Todoist is the result of adding artificial intelligence (AI) functions to a calendaring or task management service. The bot organizes your schedule for you, taking into account days of the week (for example, it doesn’t schedule your professional activities on a Sunday), your habits, task priorities, and other factors. It learns both from you and from the user base to make more accurate adjustments over time.
As with customer service, sales departments benefit from faster and more informed responses, and these teams quickly run into human limitations. There are many places in the sales cycle where they can create task automation bots to complement the team—for instance, to speed up response times and to improve lead quality.
For starters, sales teams can spend less time in their customer relationship management (CRM) tool with Troops, a Slackbot that fetches customer data from
Salesforce for you while you’re chatting in Slack about that particular customer. The sales chatbot from ubisend is on hand—all the time—to answer questions that prospects may have about your products or services, and it does so in your brand’s voice and language. Sales Intelligent Assistant (SIA), also from Acuvate, is designed to chat with leads and to acquire data to help a sales team make more informed decisions.
The future of task automation bots
This is far from a comprehensive accounting of the task bots out there that are helping enterprises change the way they do business, both internally and externally. And even though there are already many bots on the market, we’re really seeing just the beginnings of their potential, as AI capabilities—particularly natural language processing (NLP) and deep learning—advance.
Here are just some of the possibilities.
Supply chain management
We haven’t yet seen bots for this field, but they’re certainly coming. Procurement is a particular area of interest in which to integrate task bots. They may be able to take cold calls from suppliers, place low-value purchase orders, manage paperwork, provide lists of possible suppliers, and monitor KPIs. With bots taking over many routine procurement tasks, humans will have more time to address strategy.

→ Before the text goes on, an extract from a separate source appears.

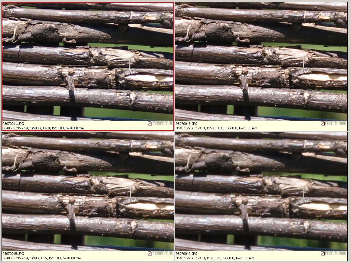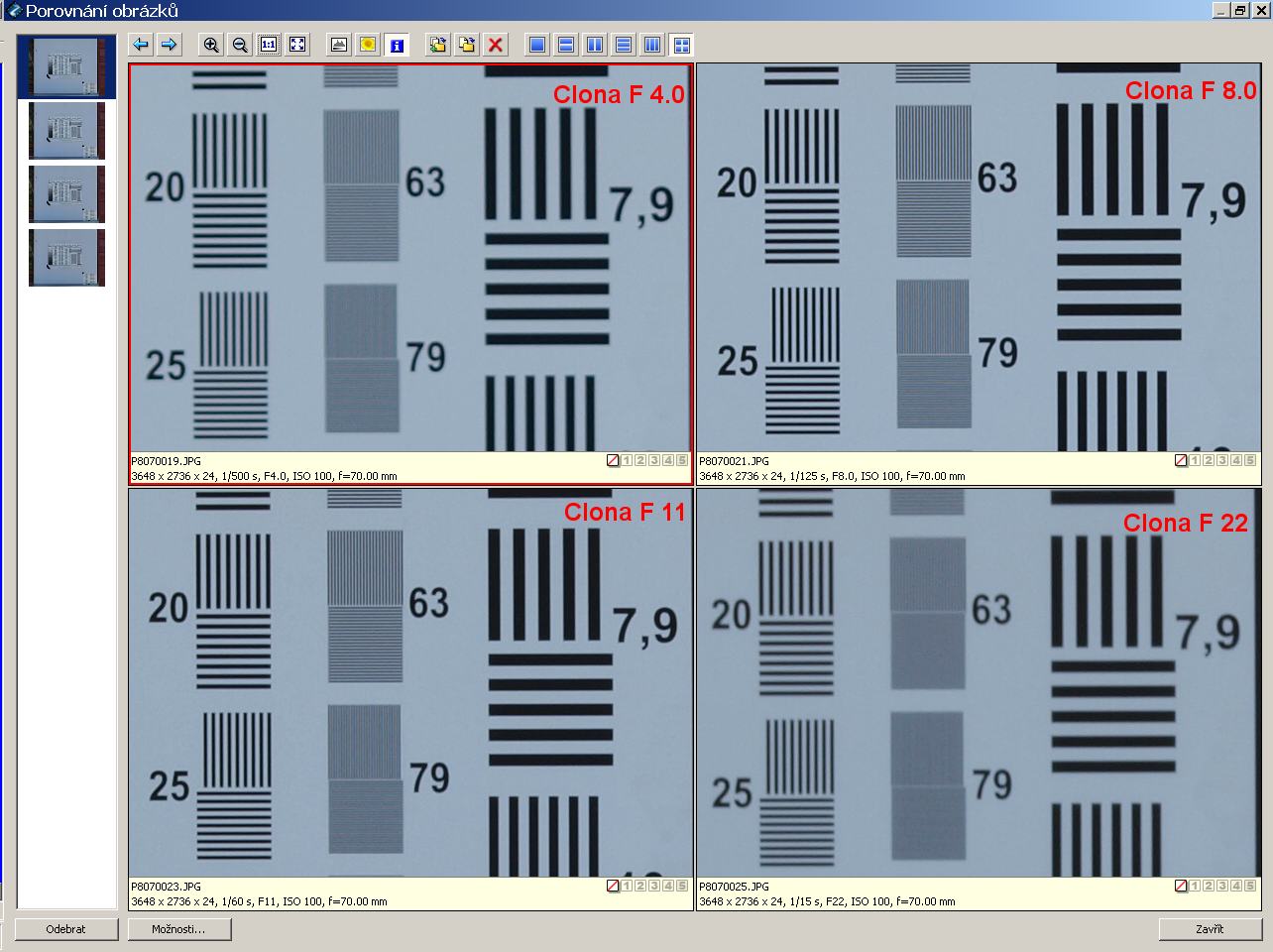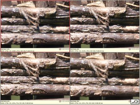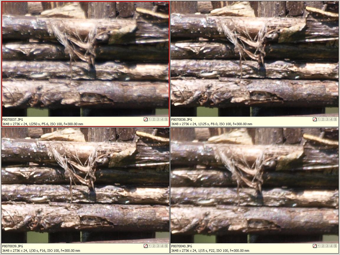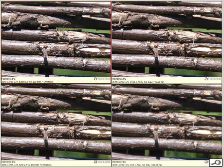 Objektiv v zataženém stavu je dlouhý jen 127 mm a váží 620 g. V tomto ohledu tedy splňuje jeden ze základních principů systému E, totiž skladnost a lehkost. Průměr filtru je 58 mm, takže filtry jsou relativně levné. Světelnost je F4.0 až F5.6. Vzhledem k tomu, že jde v podstatě o nenáročné sklo, je světelnost poměrně vysoká. Nicméně, zde je třeba hned zkraje upozornit, že ohnisko odpovídající 600 mm vyžaduje rychlosti závěrky 1/600 a kratší a pak je těžké se do nějaké rozumné clony vejít. O jednoduchosti konstrukce svědčí fakt, že objektiv nemá vnitřní ostření – jeho přední část se při ostření otáčí a vysouvá, přičemž otočka jje až o 900. Při použití polarizačního nebo přechodového filtru je tedy třeba si dávat pozor a nastavení dorovnávat. Objektiv má dva prstence, jedním zoomujeme, z extrému do extrému opět o 900, druhým ostříme v manuálním režimu. Zvláště při ohnisku 70 mm je to opravdu makačka přeostřit z extrému do extrému, vyžaduje to neuvěřitelné dvě a půl otočky, než přeostříme z nekonečna na minimální vzdálenost 96 cm. Ostření přepínáme z automatiky na manuální ostření. V automatickém režimu přeostří z metru do nekonečna asi za vteřinu za táhlého pískání motorků. Kresbu je těžké srovnávat s kresbou zrcadlovek APS-C neřku-li full frame obdobných ohniskových délek. V této cenové relaci se nevyskytují, takže bychom museli srovnávat se špičkovou profi výbavou. Rozhodně si nelze slibovat maximální výkon. Při plné světelnosti jsou výkony velmi slabé, takže minimální vcelku použitelná clona je F8.0. Abychom se při 100 ISO dostali na aspoň pětisetinu při cloně 8, museli bychom mít expoziční hodnotu EV 15. Za extrémního plného slunce bychom se na ni možná vydrápali. Jinak ale nezbývá než nastavovat vyšší ISO, což je při velikosti snímače E systému ve špatném světle poněkud dobrodružná činnost. Na sluníčku to celkem jde. To vše vede k závěru, že k špičkovému fotografování bychom potřebovali například Olympus E-system 90-250 mm na F2.8, ten ovšem stojí 16x víc než tento objektiv… Nicméně, k zábavnému rekreačnímu fotografování je možné tento objektiv doporučit. Od fototechniky přece nelze žádat na jedné straně minirozměry a minicenu a zároveň maxivýkon. Ukázky ![]() Obrazec fotografovaný ohniskem 70 mm (=140 mm ekv.). Kresba vrcholí na F 8.0, při plné světelnosti a cloně F22 je už velmi chabá. ![]() Zkušenost z obrazce lze zopakovat v terénu. I zde je kresba nejlepší při cloně F8.0. Jde o porovnání výřezů 1:1, tedy 100% zvětšení na monitoru. ![]() Totéž při ohnisku 300 mm (= 600 mm ekv.) Výsledek stejný, zase jde o porovnání výřezů 1:1, tedy 100% zvětšení na monitoru. ![]() Fotografováno při cloně F4.0 časem 1/250 sec. V praxi tedy výsledky nejsou tak dramatické, jak by naznačoval zkušební obrazec. ![]() Zvýšeno ISO na hodnotu 800. Clona F 6.3, závěrka 1/1000 sec. Je vidět, že ta osmisetina na sluníčku nedělá problémy. A tisícina “to jistí”. |

Accounting department teams are now able to be supplemented with task automation bots that perform account reconciliations, calculate allocations, perform invoice matches, process expense claims, and create reports. In addition, there is already a widespread usage of chatbots in banking services which are either voice-based, text-based or a combination of both.
Perhaps in a couple of years, your office will have a bot that takes polls of everyone’s favorite activities, looks for nearby options, and schedules regular social outings for the team. A bot might mediate minor disagreements using the relational styles of ELIZA or Woebot, in addition to language approved by management and HR. Bots might even reach out regularly to remote workers so that they don’t feel out of touch with the workplace.
With so many bots in existence to help with productivity micro-tasks, it’s time for the next generation of productivity bots. Rather than a bot that can pull data from just the CRM, we may see a bot that can pull data from every software management system a company uses. As AI language capabilities advance, productivity bots can serve as personal assistants to any employee who wants one. Such bots can do even more to help keep employees on track throughout the day, make sure that meetings aren’t interrupting critical tasks (and intercede when they are), and give employees and managers alike insight into how and where productivity needs improvement.
Bots can then begin using language and interacting with humans in a new way—perhaps even offering services instead of just functioning in pre-programmed ways. We’ll continue to benefit from bots, as they collaborate, integrate, and help solve problems for companies around the globe.